Any feed or food needs to contain sufficient quantities of vitamins, as they facilitate the development of proper and healthy body functions. Moreover, vitamins contribute to the development of the immune system, while also helping in the digestion of other nutrients [81,82]. The fat-soluble vitamins (α and γ tocopherols) are good natural antioxidants that impede lipid oxidation in biological systems by stabilizing hydroperoxyl and in mopping out other free radicals [83,84,85]. As vitamins cannot be synthesized de novo by animals, they must be supplied constantly by food, thus incorporation of the studied insects in diets would likely serve as an alternative source of vitamins.

In addition to macro- and micronutrients, edible insects are rich in natural bioactive compounds, which includes peptides and phytochemicals [18,86]. These compounds have unique and yet vital properties such as hydrophilicity, permeability and multifactorial interaction with the biological molecules, all of which are essential in disease prevention [84]. Previous studies have shown that synthetic bioactive compounds may impede other nutrients’ biological functions in vivo, therefore, natural compounds are often regarded as being safer [86]. For instance, a recently published in vitro study revealed two peptides extracted from silkworm pupae powder, which has strong antioxidant activity in HepG2 cells [87]. Furthermore, most compounds in silkworm pupae have been reported to have various pharmacological functions, which includes antibacterial, antitumor, antioxidant, lipid and blood-sugar-regulation, antiapoptotic, hypotensive, improving liver function, antifatigue, antiaging, antigenotoxic, alcohol detoxification and immunomodulatory effects [86,88,89]. Therefore, it could be possible to develop functional foods or medicines from silkworm pupae extracts, to help prevent diseases (diabetes, obesity and other lifestyle related disorders) caused by oxidative stress [88,89]. Unfortunately, such extensive studies described above on silkworm pupae, have never been researched for Gonimbrasia spp., which opens new opportunities for future efforts.
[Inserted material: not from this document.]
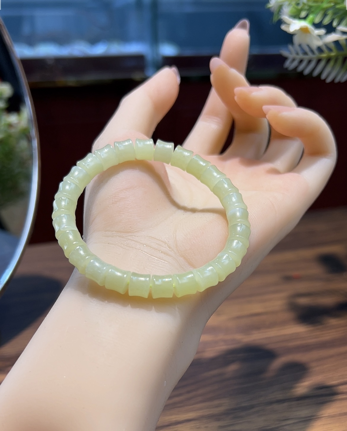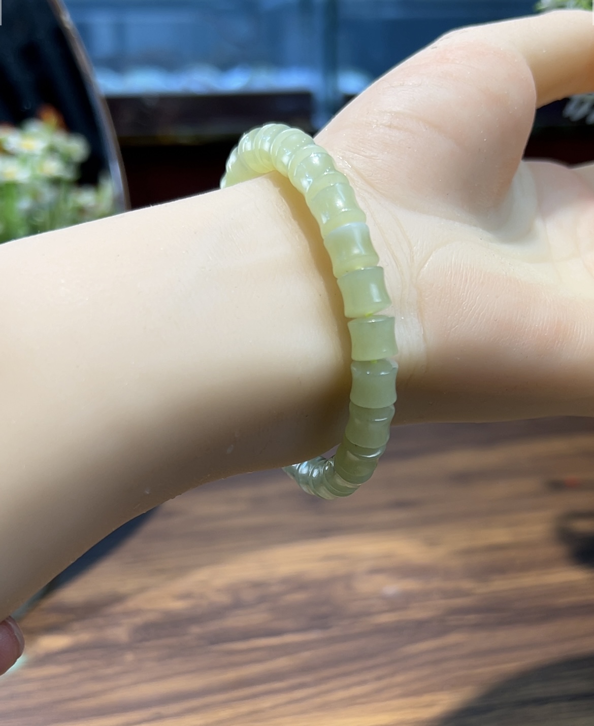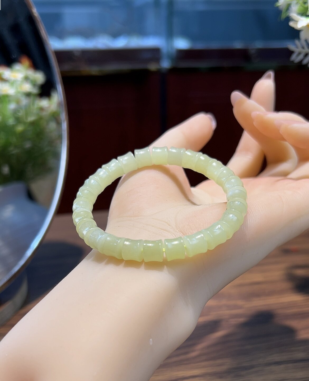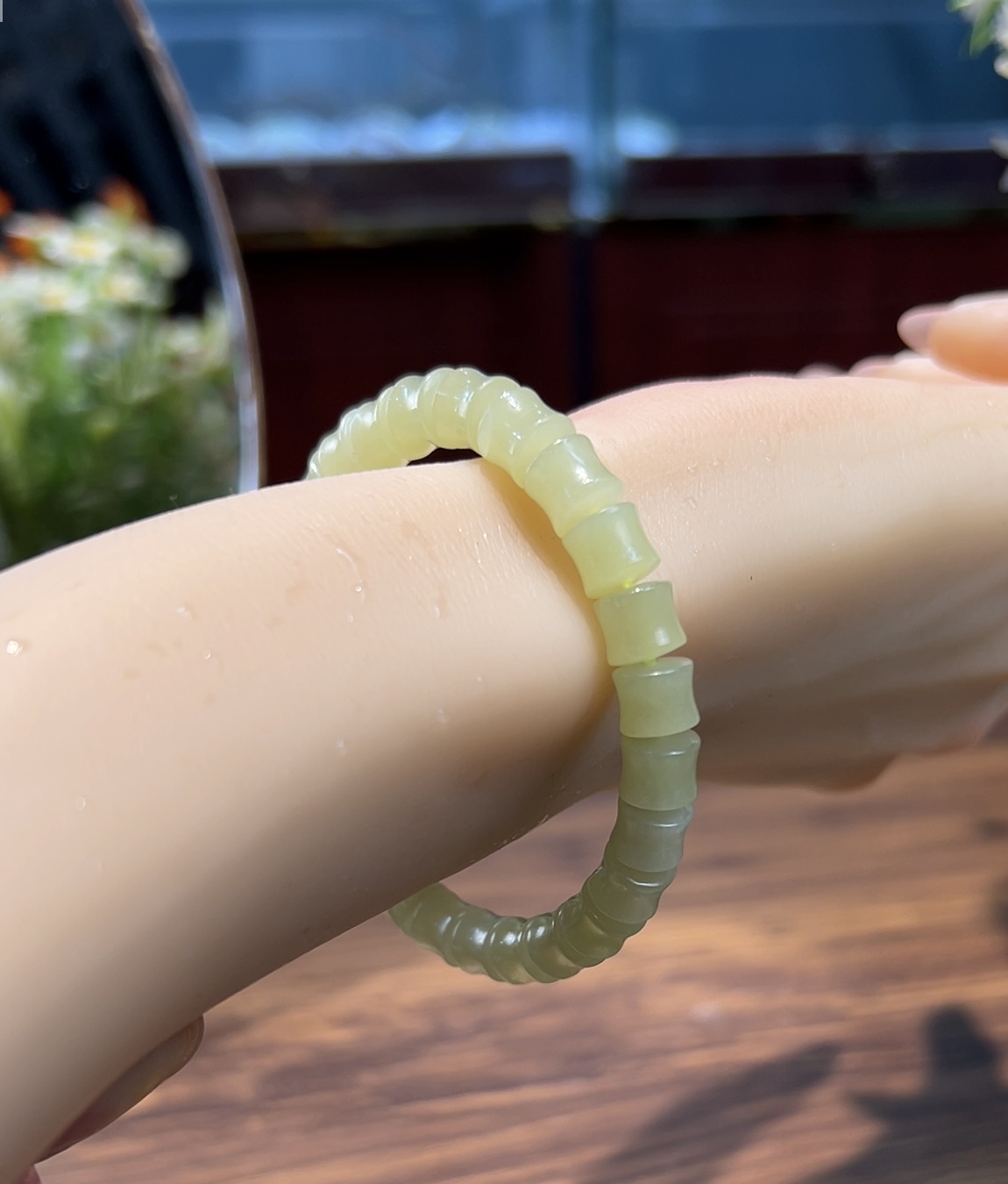 新疆直发正品和田玉若羌黄口竹节手链天然玉石老料手串7*8带证书

It is also important to note that most of the aforementioned silkworm pupal bioactivities have only been tested in vitro, hence in vivo assays either in animal models or human are needed. Despite the huge potential of edible insects as food and feed or medicine, their safety needs to be evaluated, both for toxicological safety and for allergic reactions. For instance, though insect oils are high in unsaturated fatty acids, they are not recommended for direct human consumption due to the presence of triacylglycerols, which if consumed may increase the risk of heart related diseases [90]. In addition, allergenicity has been described in some edible insects such as peptides such as 27-kDa glycoprotein, chitinase precursor and profilin in silkworms [91,92]. However, processing through heat could cause chemical modifications to the allergens, resulting in the loss or reduction in allergenicity [93]. Another important aspect that needs to be considered is the development of laws and regulations on consumption of edible insects, especially in Africa. In Europe, the new EU food legislation allows for the legalization of edible insect consumption [94]. Such regulations are needed to govern the production and consumption of insect and as a form of protection for consumers.

4. Conclusions

The overall nutrient profile of the edible stage of GC was comparable to that of the silkworm pupae, which were comparable to, or surpassed, those of the conventional animal and plant-based products in some cases. The high content of mono- and polyunsaturated fatty acids, vitamins, minerals and protein in the targeted edible stage of GC and silkworm pupae showed that they could be explored as a food additive for tackling nutritional deficiencies. However, further studies on protein digestibility, amino acid profile, antinutrients and antioxidants would be necessary. With the ongoing challenges of an expanding global population, climate change, scarcity of land and water and the ever increasing undernourished populations in developing countries, novel food production strategies are required. The rearing of edible insects for food and feed has the potential to bridge these gaps in an environmentally sustainable manner.